Do you have a crane with spring scale? Lift up one side (SLOWLY!) with the crane until the weight reading is below some threshold, 1,000lbs, 2,000lbs? Whatever you feel is safe, crane still supporting enough weight to ensure you don't topple the thing over. Treat that as the tipping point, measure the tilt angle, and use trig to get the vertical COG. It will be as conservative as your spring scale threshold.
If you wanted to further reduce the chance of tipping, and increase the accuracy, you could plan to use the spring scale weight as part of the calculation. Modified method of the "tilt and weigh 4 corners" mentioned earlier. If you've got X,000lbs on the crane, X,000 on the ground, know the horizontal COG, and can measure the tilt angle, from there it is physics 101.
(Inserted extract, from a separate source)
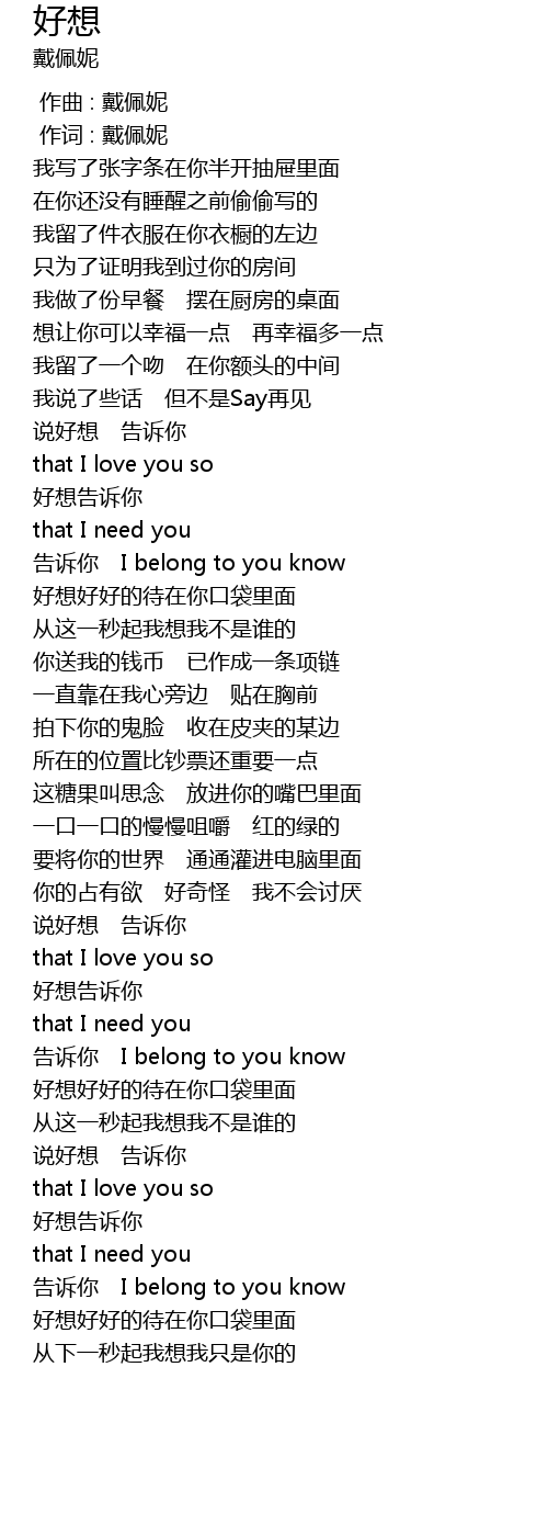 | [01:26.17] | 好想好好的待在你口袋里面 |

I'd like to think that this is a pretty elegant solution. Depending on the details it works out as the best option for accuracy, man hours (only thing quicker is a WAG - wild ass guess), engineering justification, and safety. You could eliminate ALL assumptions and peg the vertical COG dead on if you wanted, but as already mentioned, probably not worth the trouble.
I'd pull one side up with a spring scale until I had an appreciable angle and a clear change in weight distribution, then plug it in.
Because he is the engineering manager, not the shipping manager. And if this works out well he can write a procedure, this could be a chargeable item for a customer - dry and wet COG's verified.